Redundancy insurance is a form of income insurance where, if you are redundant, a percentage of your regular income will be paid to you until the payments reach the terms of your policy or you secure another job.
Redundancy insurance differs from income protection insurance as with the latter your regular income is protected if you happen to be injured or getting sick.
Many consider that income protection insurance is more valuable, but comparing the two types of insurance is a little like comparing apples with oranges.
Similarly, each type of insurance has a definite place in the insurance industry and it is ultimately up to the potential consumer to study all types of insurance and different types of income insurance and determine which one fits best for his or her situation.
So how does Redundancy Insurance work?
This type of insurance is one of the least insured types of insurance and it is probably one of the newest offerings of insurance companies. Redundancy effectively insures a portion of your income generally 75] if you become redundant in your workplace.
Remember if you are offered a redundancy package and your package is optional, you are not entitled to claim your insurance.

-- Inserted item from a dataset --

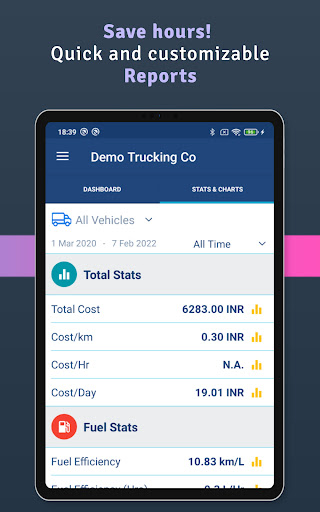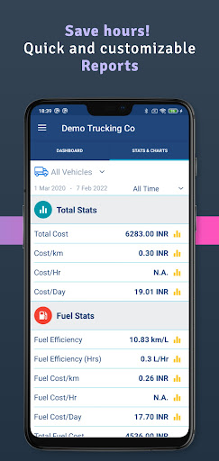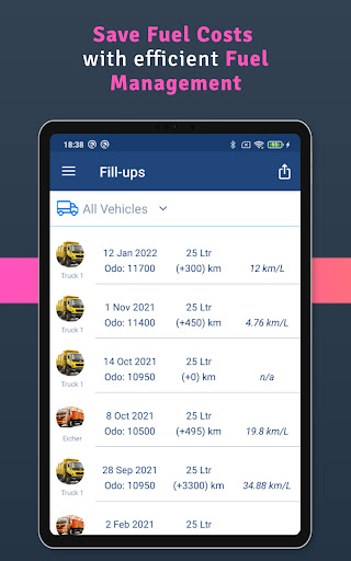 Fuel management: Scan receipts to add fill-ups. Drivers can upload receipts and other information for every fill-up. You can also measure fuel consumption for machines and equipment with Hour Meters. Get in-depth reports and analysis of the vehicle’s fuel-related costs, fuel usage and efficiency.

Also if you have been divorced from your workplace that is not classified as appeal and your policy will not pay.
How long will this type of coverage be paid after I have become redundant?
Usually, the policy pays for twelve months, but you must carefully assure your insurance company that you are actively seeking work.

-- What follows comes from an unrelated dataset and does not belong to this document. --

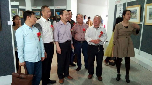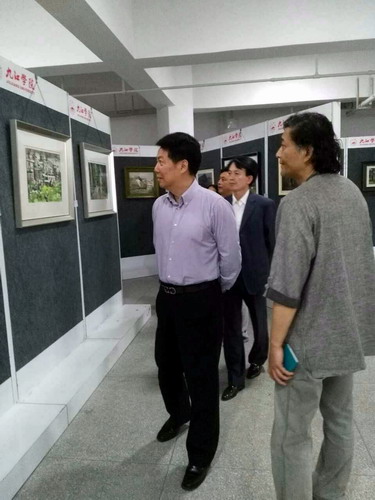 5月27日上午,由九江写生画会、九江学院艺术学院联合举办的,“守望家园”一一九江写生画会作品展暨写生画会作品集首发式,在逸夫图书馆展厅隆重开幕。校党委书记郑翔参观了展览。副校长纪岗昌,艺术学院党委书记王春生,副院长虞斌,市文联副主席段虹,市文联副主席、市美协主席宋跃林先生,市文联作家协会主席蔡勋先生,以及知名书画家崔廷瑶,徐东林,杨豹等老師和同学们600余人出席了开幕式,开幕仪式由艺术学院胡有源教授主持。

You can arrange a policy that pays you up to 24 months after being redundant, but usually such a policy will be a premium and I question the value of such a policy.
You can also find that some insurance policies cover you only for 6 months and may prove more convenient because the prizes are more reasonable.
How much are premiums for this kind of insurance?
Premiums can vary greatly from insurers to insurers and it can be difficult to compare one policy to another on the price alone because no two policy measures will resemble.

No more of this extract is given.